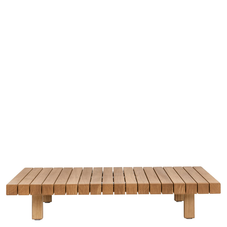 The Vis a Vis Cocktail Table, made from premium teak slats, is a versatile low table for indoor and outdoor settings.
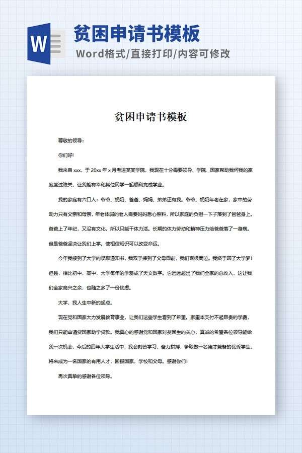 贫困申请书模板是用来规范贫困生写资助申请书所提供的范本模板。贫困申请书模板由PK游戏网为您提供免费下载,源文件为Word格式模板,大家可以直接下载源文件,以便于修改内容。
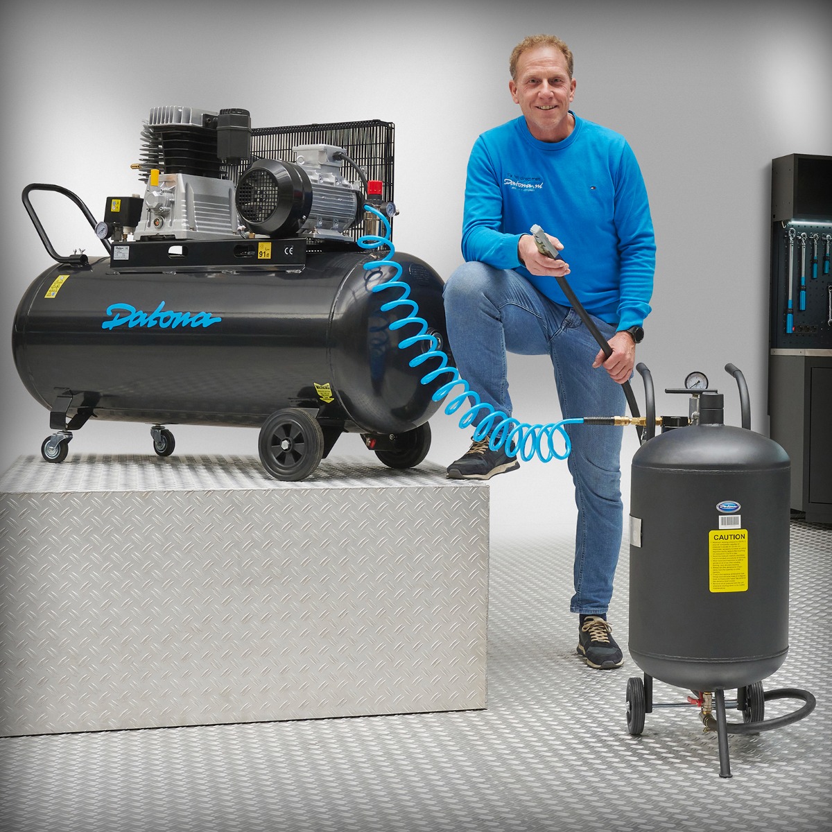 De kracht achter deze set is de garagecompressor met een tank van maar liefst 270 liter. Dankzij de twee krachtige cilinders en de 5.5 pk motor beschik je over een constante, krachtige luchttoevoer – precies wat je nodig hebt bij intensieve straalwerkzaamheden. De compressor werkt op een 380 volt aansluiting.
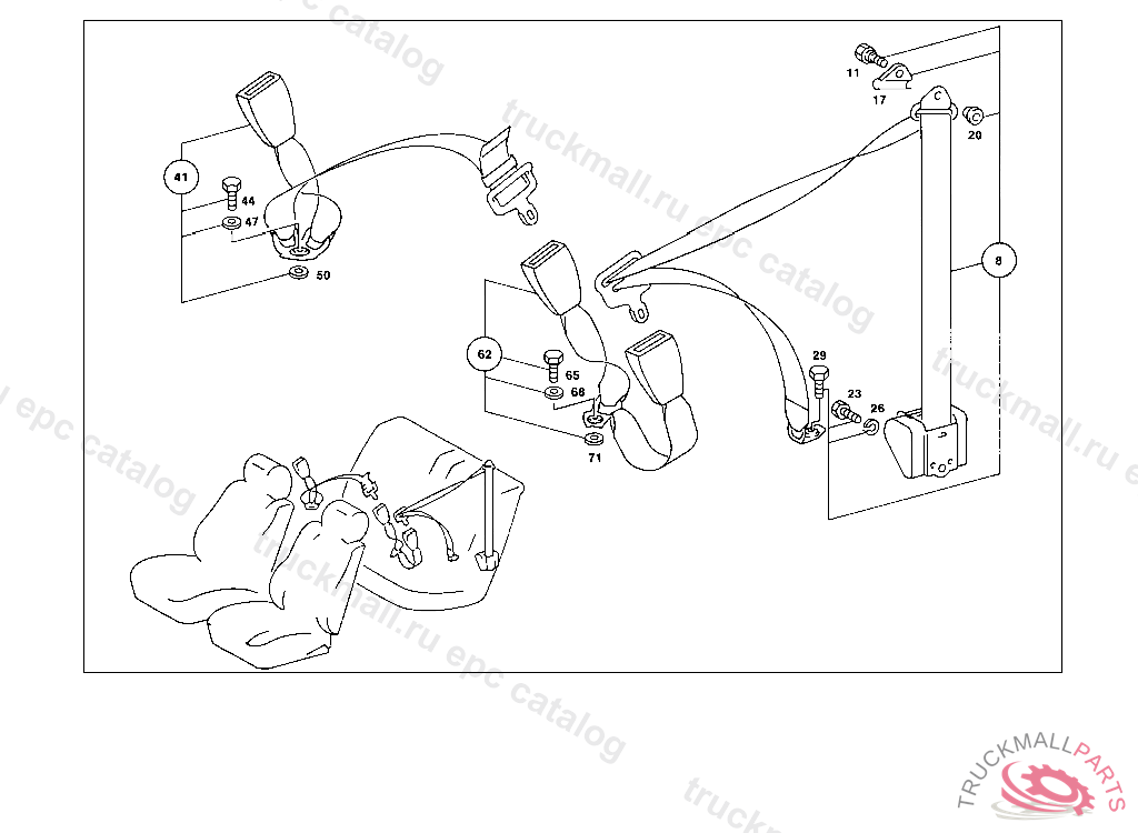 SAFETY BELT LESS LOCK, REAR SEAT,OUTSIDE LEFT AND RIGHT REPA

YOUR OBJECTIVE
Restate the material above word for word; pictures do not belong in the copy.

RESPONSE
 The Vis a Vis Cocktail Table, made from premium teak slats, is a versatile low table for indoor and outdoor settings.
 贫困申请书模板是用来规范贫困生写资助申请书所提供的范本模板。贫困申请书模板由PK游戏网为您提供免费下载,源文件为Word格式模板,大家可以直接下载源文件,以便于修改内容。
 De kracht achter deze set is de garagecompressor met een tank van maar liefst 270 liter. Dankzij de twee krachtige cilinders en de 5.5 pk motor beschik je over een constante, krachtige luchttoevoer – precies wat je nodig hebt bij intensieve straalwerkzaamheden. De compressor werkt op een 380 volt aansluiting.
 SAFETY BELT LESS LOCK, REAR SEAT,OUTSIDE LEFT AND RIGHT REPA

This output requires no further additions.